Note that we can refer to the current item in the iterator by using the :iter variable we set in the table mapping declaration:
hashtag = :iter._value
Here _value is a reserved property representing the value of the item in the array. You can also access _path which is the relative path within the object of the value. If we were using a different type of iterator, for example over an array of objects we could reference properties of the current object, such as :iter.id.
There are a number of iterators you can use to handle different types of data structure:
- list_iterator - Maps an array of values at the given path to rows of a database table.
- objectlist_iterator - Like list_iterator, but instead is used to iterate over an array of objects, not simple values.
- path_iterator - Flattens all properties inside an object, and it's sub objects, to give you a complete list of properties in the structure.
- leaf_iterator - Like path_iterator, however instead of flattening object properties, instead flattens any values in arrays within the structure to one complete list.
- parallel_iterator - Given a path in the JSON object, this iterator takes all the arrays which are children and maps the items at each index to a row in the table. This is particularly useful for working with links.
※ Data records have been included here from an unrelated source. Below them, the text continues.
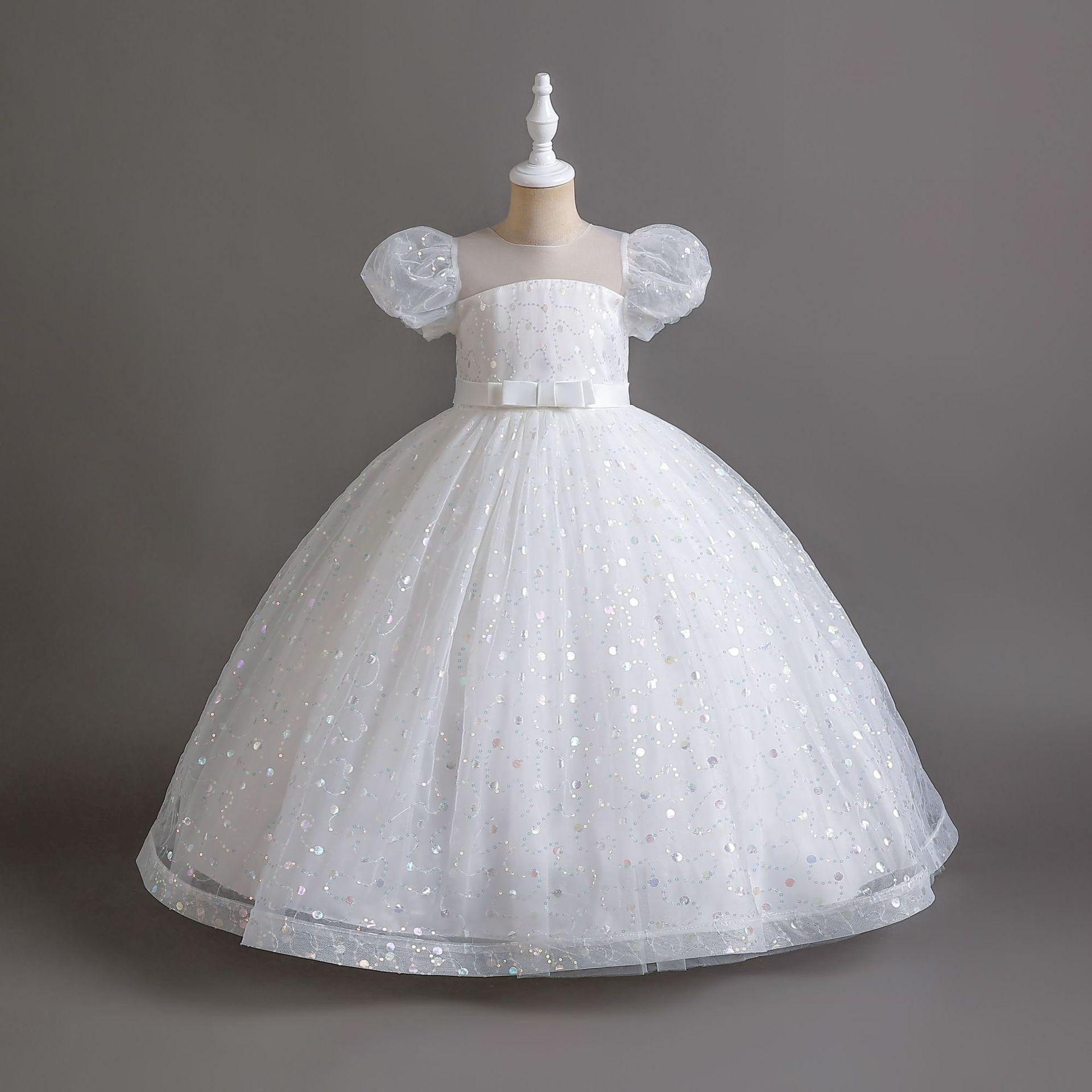 Платье принцессы с пышными рукавами для девочек - Длинная сетчатая пряжа Летний наряд для дня рождения и свадьбы 140 cm белый
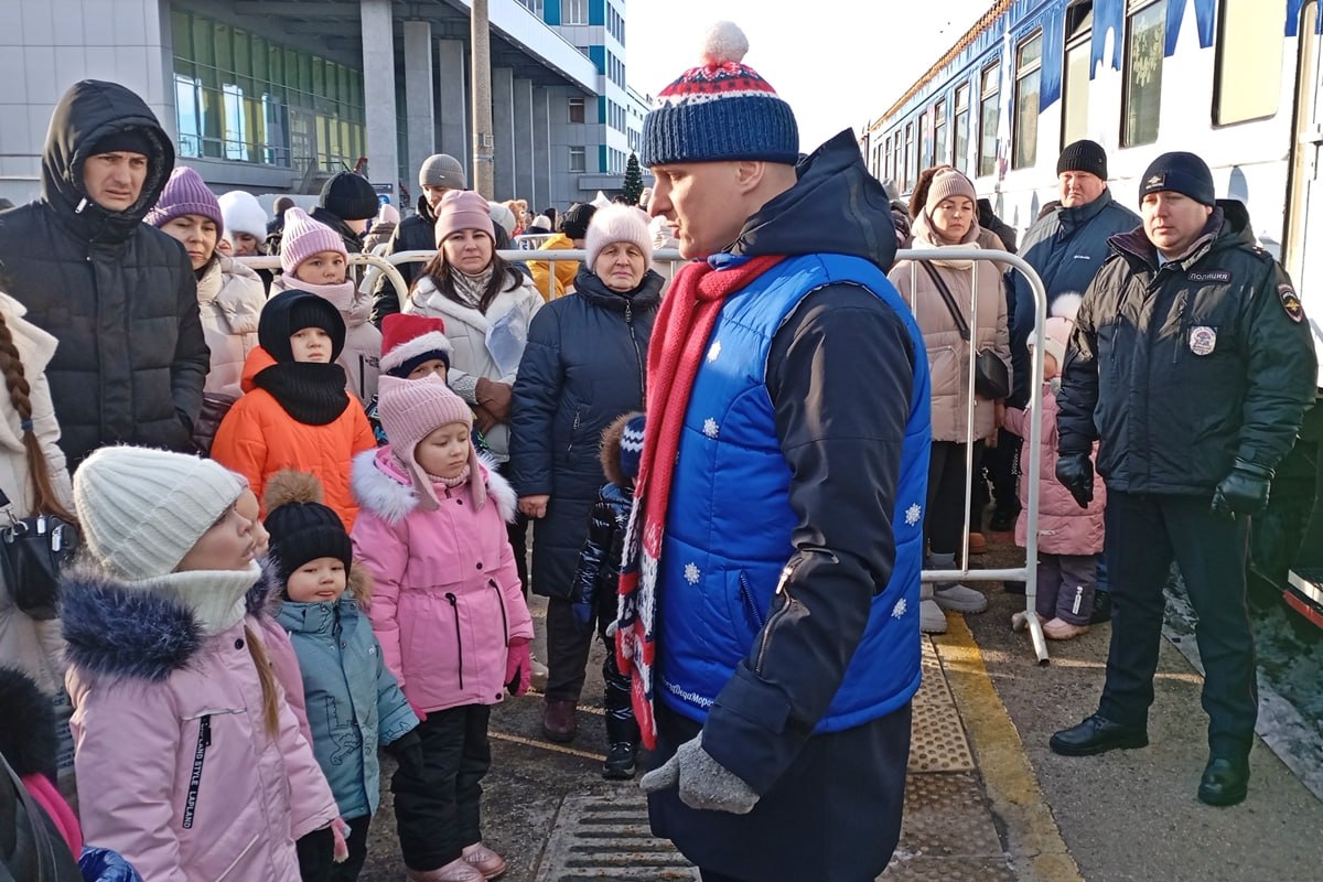 В ожидании «Поезда Деда Мороза» сотрудники отделения охраны общественного порядка Ульяновского ЛО МВД России на транспорте провели инструктаж для всех присутствующих в целях безопасности во время мероприятия.
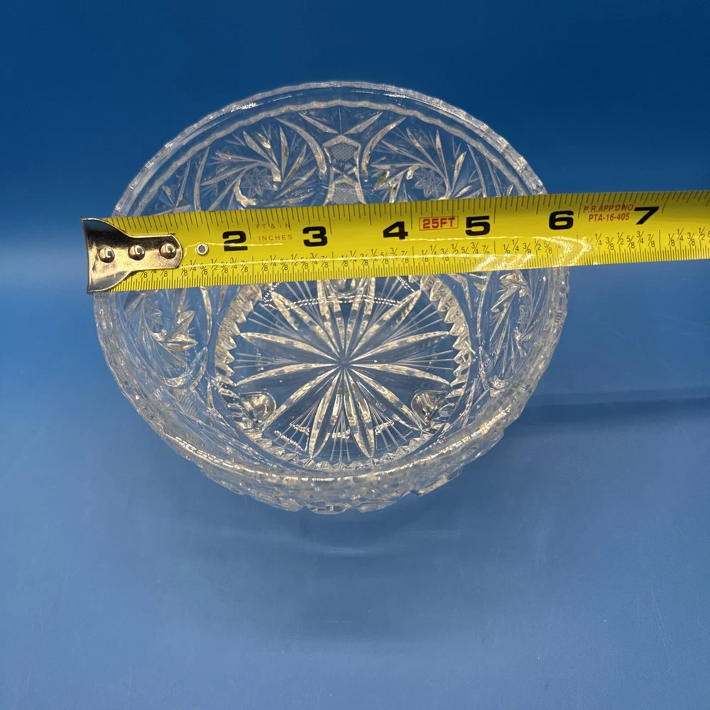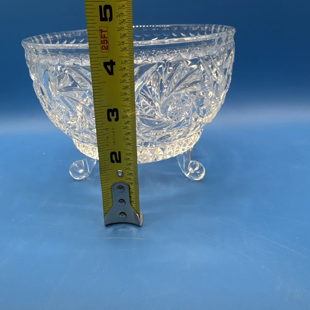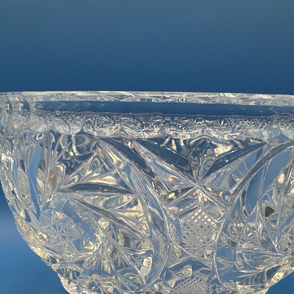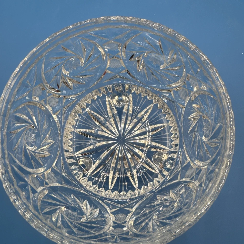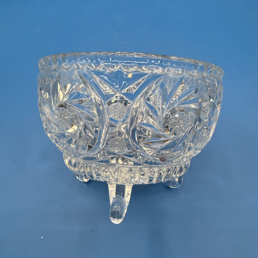 This is a vintage decorative bowl made of clear glass with a floral sunburst cut design. It is footed and likely used as a dessert bowl. The production style is cut glass, giving it a detailed and intricate look. The brand is unmarked, adding to its charm and mystery as a collectible piece. Pre-owned excellent condition. No original box. No cracks or damages. Please check the pictures carefully as part of the description. Feel free to ask questions if you need more information before you buy it. Thank you for your interest B-10
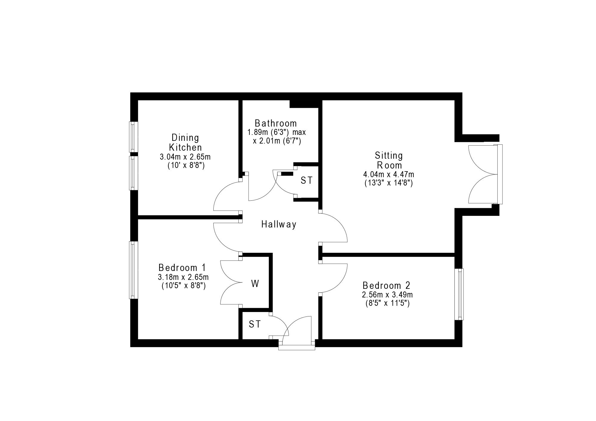 Bedroom Two 11’5” x 8’5” 3.48m x 2.57m
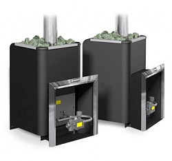 -Мощная горелка (16 кВт) с энергонезависимой автоматикой регулирования и безопасности. С возможностью работы на пропане, при установке дополнительного комплекта жиклеров (опция). Работает в автоматическом режиме по заданной температуре в парилке (+70 .. +120 °C).
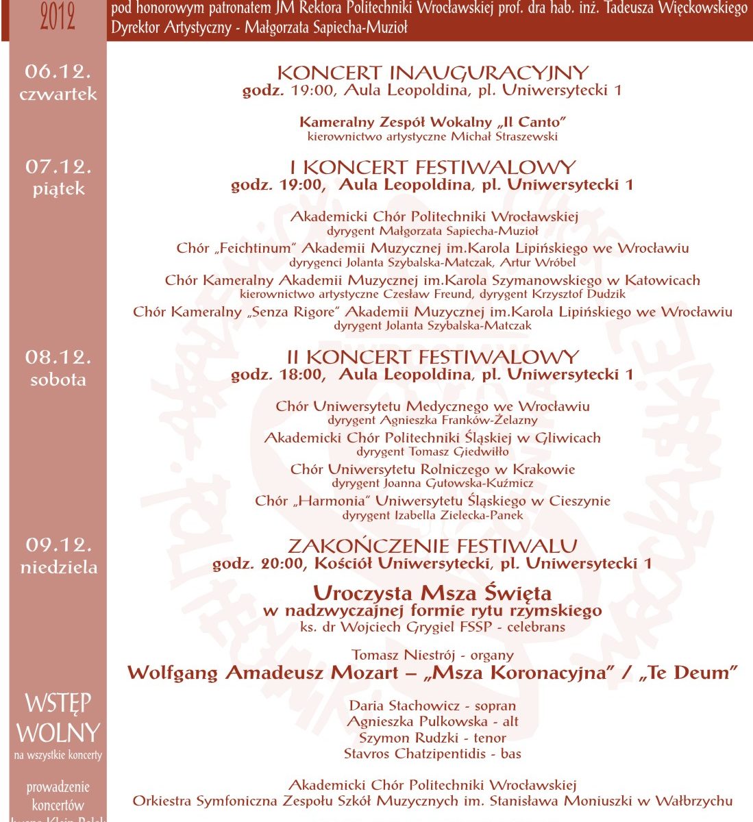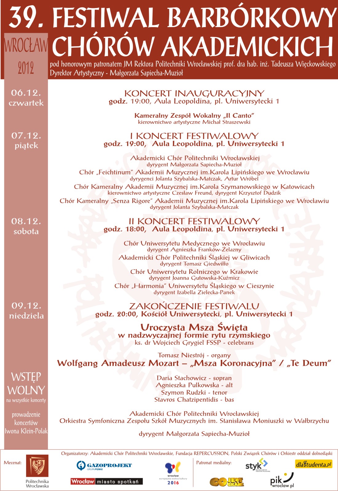 Program 39 Festiwalu Barbórkowego Chórów Akademickich
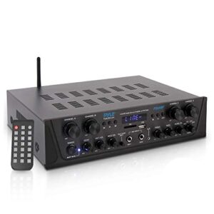 500W Karaoke Wireless Bluetooth Amplifier – 4 Channel Stereo Audio Home Theater Speaker Sound Power Receiver with AUX IN, FM, RCA Subwoofer Speakers OUT, USB, Microphone IN with Echo – Pyle PTA44BT
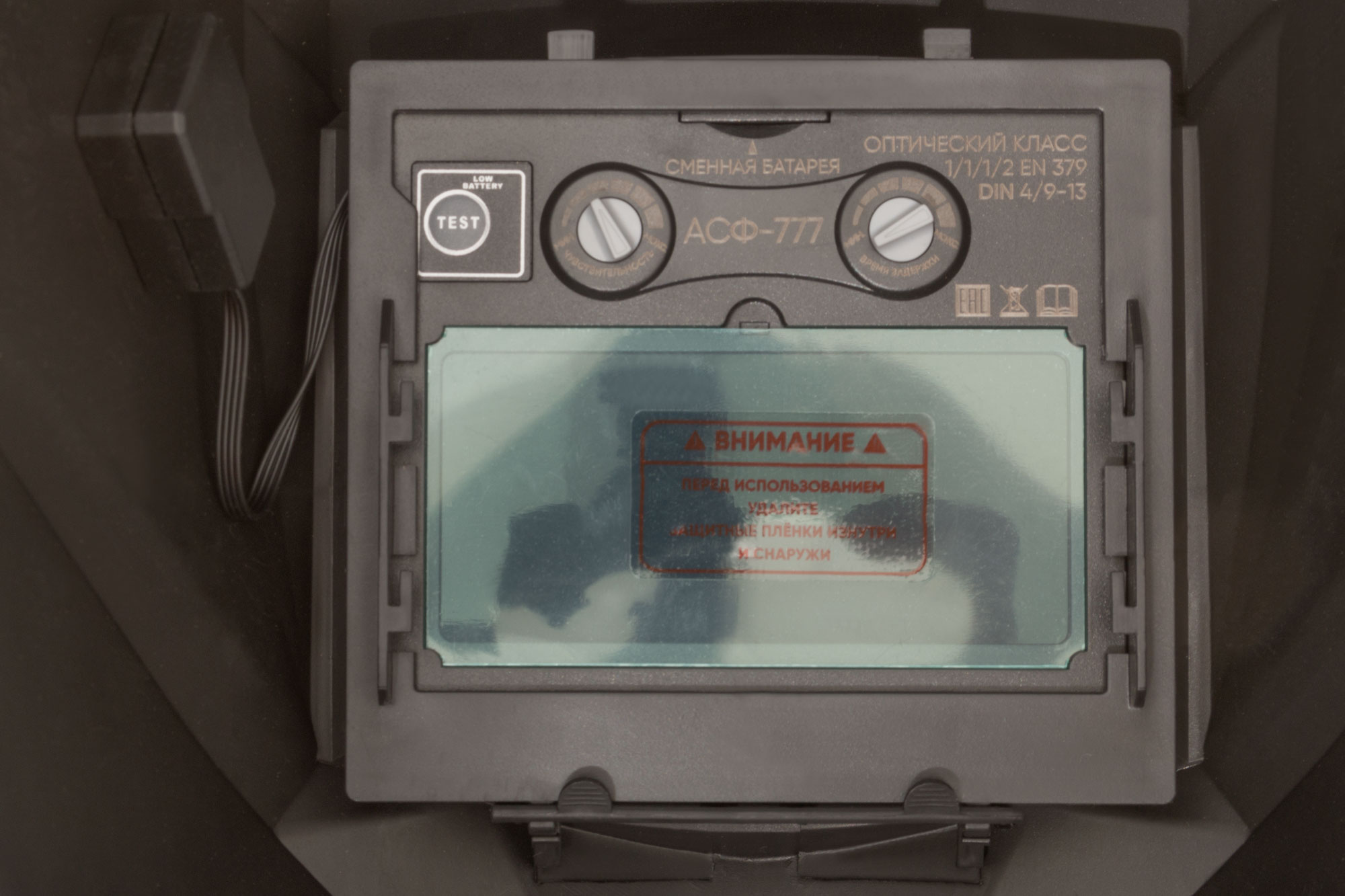 «Хамелеон». Для защиты глаз и лица от вредного воздействия излучения сварочной дуги во время проведения сварочных работ. Оголовье с храповым механизмом и регулировками по 3 направлениям. Светофильтр с автоматическим затемнением (в режиме ожидания DIN 4). 12247 - светофильтр с плавной регулировкой степени затемнения в диапазоне DIN 9-13, режимом шлифовки/резки и сменной литиевой батареей (CR 2032). 12248- светофильтр с 3 плавными регулировками (затемнение DIN 9-13, чувствительность, время задержки) и сменной литиевой батареей (CR;2032). Материал: АБС-пластик. Упаковка: картонная коробка.
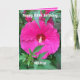 Cette magnifique carte du 100e anniversaire présente un hibiscus rose chaud sur le devant. Les mots "Joyeux 100e anniversaire" apparaissent en haut. En outre, vous pouvez customiser le nom de la dame d'anniversaire qui apparaît juste en dessous de l'hibiscus. A l'intérieur vous trouverez un beau souhait d'anniversaire pour un enfant de 100 ans. Copyright Kathy Henis
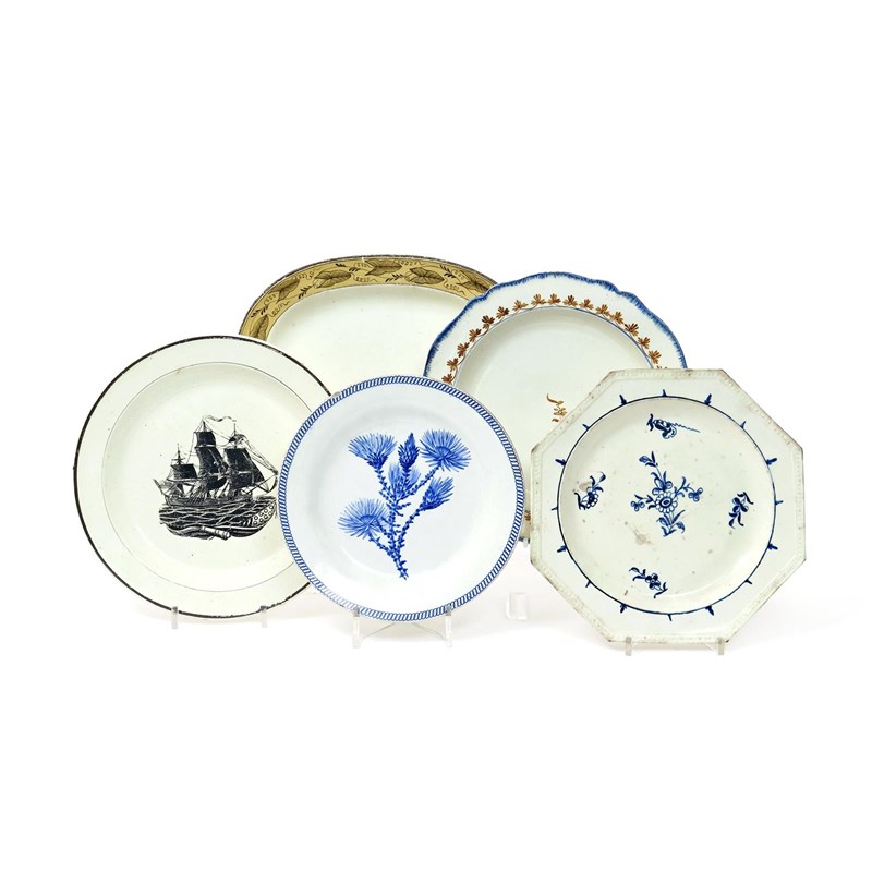 Five creamware plates late 18th/19th century, one oval Spode dish with a convolvulus leaf border, one Wedgwood and printed in blue with a botanical flower spray, one printed in black with a three-masted ship at sail, flying the American flag, one octagonal and painted with naive blue flowers, the last with a feathered rim and painted with a continuous ochre flower border, some faults, 27.5cm max. (5)
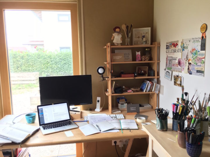 Ich frühstücke mit den Jungs, die Tochter schläft aus. Es ist ein unruhiges Frühstück. Der Sterngucker meckert und motzt, weil alles nicht da ist, was er sich vorstellt zu essen. Der Wolf brät sich einen Maiskolben zum Frühstück, weil er nichts anderes findet, was er essen mag. Dann verkrümeln sich alle zum Spielen in ihre Zimmer, und plötzlich ist Ruhe. Ich trinke gemütlich meinen Tee, beginne einen Brief und stricke ein paar Reihen an einer Socke. Dann gehe ich ins Büro und telefoniere mich durch meine am Vorabend geschriebene Liste, um Termine zu vereinbahren und Dinge zu klären. Ich hab gestern schon viel geschafft (Ich habe mich in ein Newsletter-Tool reingefuchst. Es wird jetzt einen Kallimagie-Newsletter geben für alle interessierten Schreibbegeisterten). Ich bin motiviert.
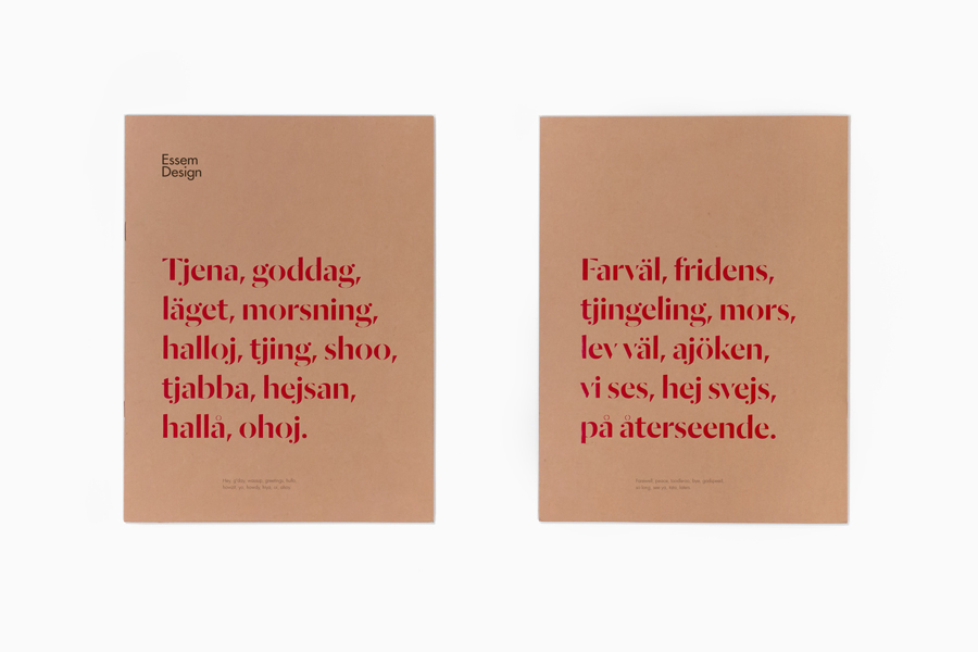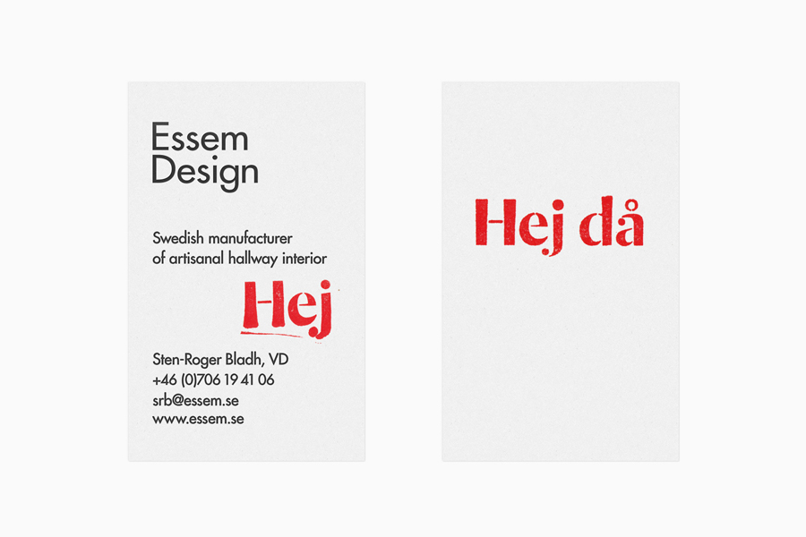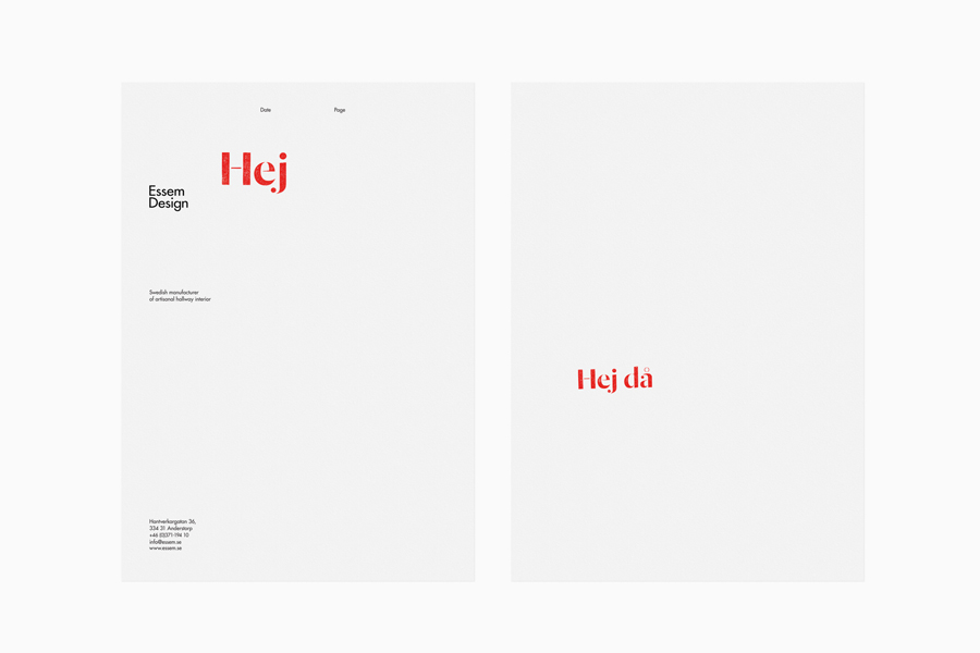 When conciving a new identity for the company, Swedish Bedow used the greetings “Hej” (hello) and “Hej då” (goodbye). The phrases are physically stamped on stationery in Dala Moa. Stencil forms, ink spread and artisan meet a striking red and create a fun yet professional identity. In many ways it is an evolution of the studio’s previous work for the company, where they used Dala Moa’s companion Floda for packaging.

The iterators are powerful and allow you to take deep JSON structures and flatten them to table rows. Please check out the documentation for each iterator for a concrete example.
As a further example, the following line specifies mapping for VEDO tags that appear in the tag_tree property of the interaction:
[tag_labels :iter = leaf_iterator(interaction.tag_tree)]
Here we are mapping all leaves under interaction.tag_tree to a row in the tag_labels table.
The final feature I wanted to cover is conditions. These are really useful if you want to put data in different tables or columns depending on their data type.
Although this might sound unusual, returning to our example this is useful when dealing with tags and scores under the tag_tree path.
Under the mapping declaration for the tag_labels table, there is this line:
label = :iter._value (data_type: string, condition: is_string)
This states that a value should only be put in the table if the value is a string. You'll see a very similar line for the tag_scores table below, which does the same but insists on a float value. The result is that tags (which are text labels) will be stored in the tag_labels table, whereas scores (which are float values) will be stored in the tag_scores table.
That concludes our whirlwind tour of the features. Mapping files give you a comprehensive set of tools to map unstructured data to your relational database tables. With your mapping file created you can start pushing data to your database quickly and easily.
This was quite a lengthy post, but hopefully it gave you an overview of the possibilities with the new MySQL destination. The key being that it makes it incredibly easy to push data reliably into your database. I've personally thrown away a lot of custom code I'd written to do the same job and now don't think twice about getting data into my databases.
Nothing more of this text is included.